### WHAT YOU SHOULD DO
Your output should be the lines below from the one holding "mysql.user; → 查看当前所有用户的核心信息" through the one holding "X censors user's", transcribed exactly, with no pictures.

### TASK MATERIAL
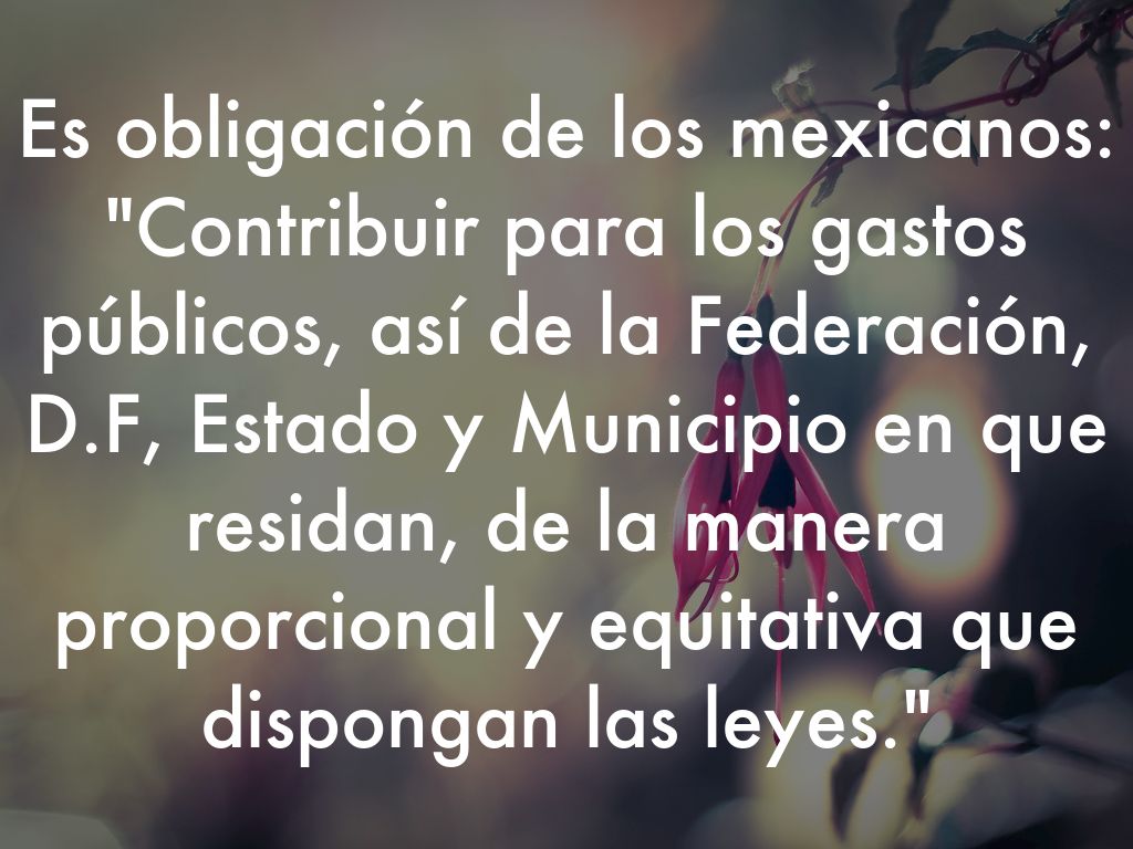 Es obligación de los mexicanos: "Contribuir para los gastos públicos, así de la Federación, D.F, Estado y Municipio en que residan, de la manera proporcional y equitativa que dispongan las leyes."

==

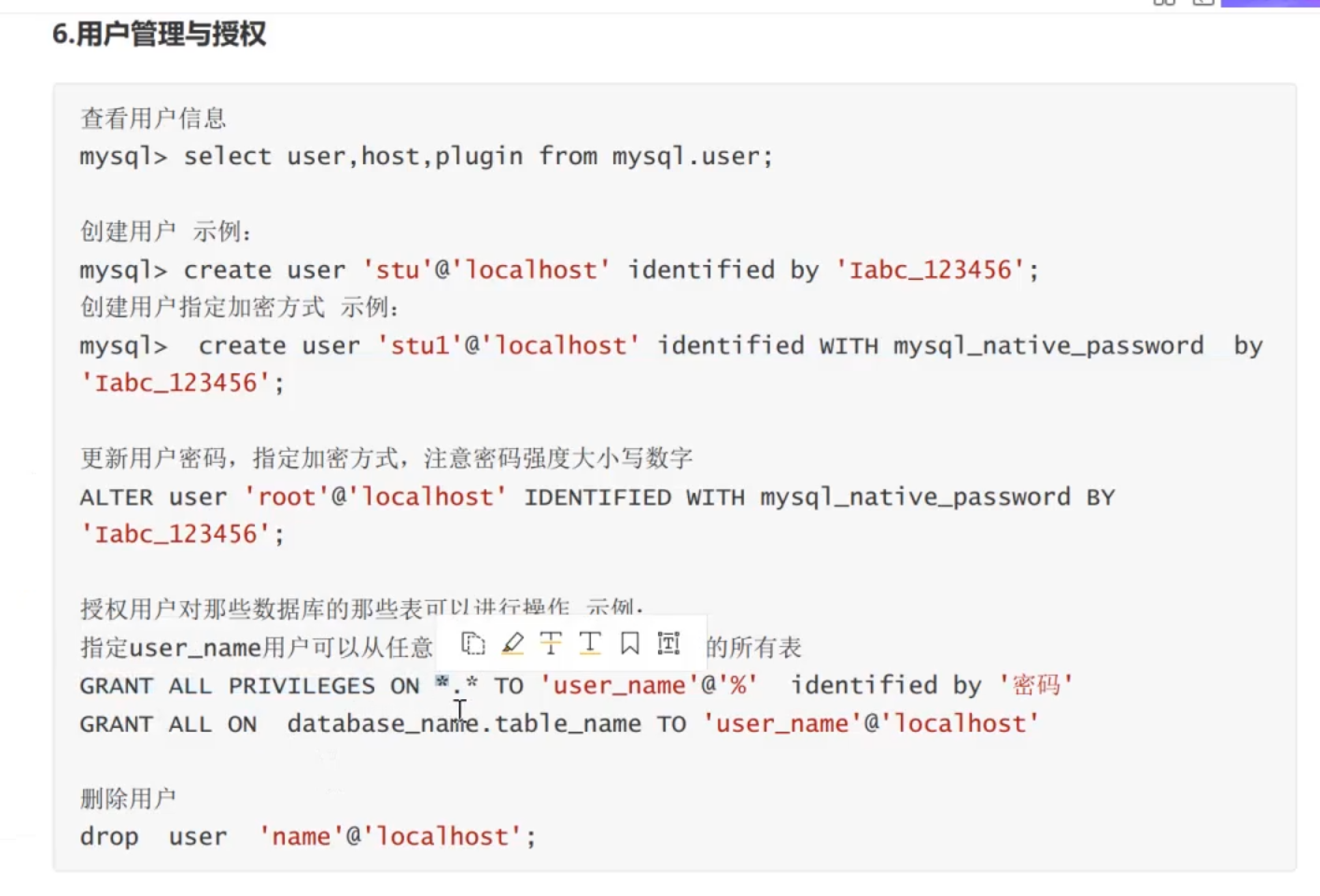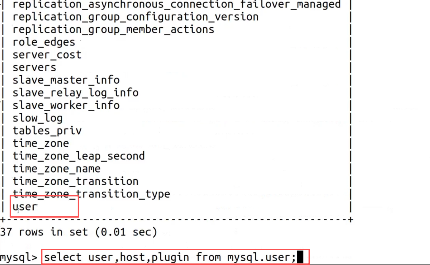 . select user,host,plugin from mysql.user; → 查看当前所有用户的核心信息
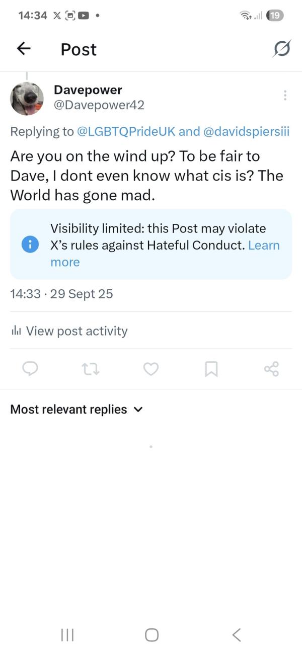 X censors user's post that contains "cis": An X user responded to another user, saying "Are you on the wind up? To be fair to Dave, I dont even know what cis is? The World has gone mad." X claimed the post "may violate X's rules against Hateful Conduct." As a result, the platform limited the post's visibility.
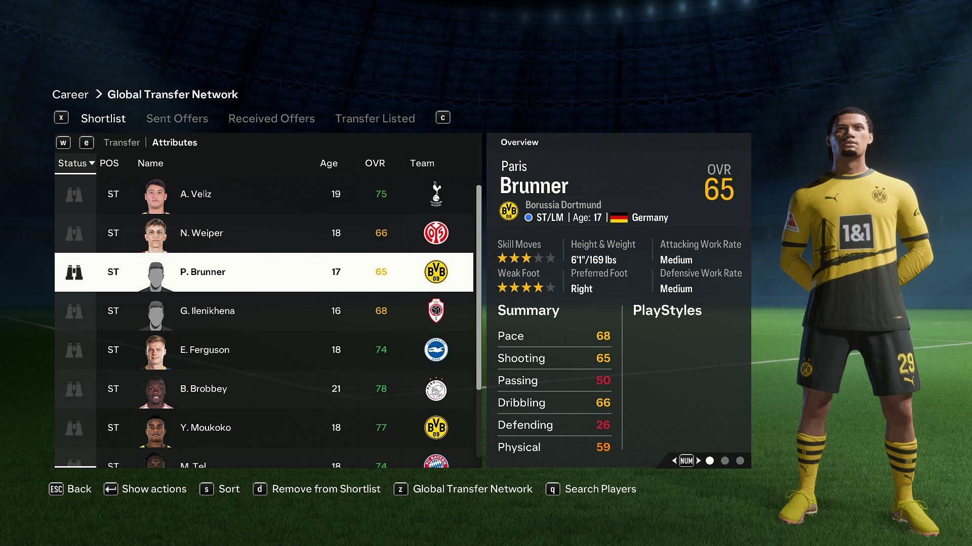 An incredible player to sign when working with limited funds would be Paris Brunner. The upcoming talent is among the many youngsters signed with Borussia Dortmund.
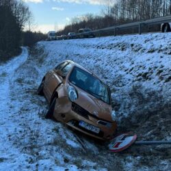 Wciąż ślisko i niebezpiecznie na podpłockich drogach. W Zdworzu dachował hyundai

### WRITTEN ANSWER
 . select user,host,plugin from mysql.user; → 查看当前所有用户的核心信息
 X censors user's post that contains "cis": An X user responded to another user, saying "Are you on the wind up? To be fair to Dave, I dont even know what cis is? The World has gone mad." X claimed the post "may violate X's rules against Hateful Conduct." As a result, the platform limited the post's visibility.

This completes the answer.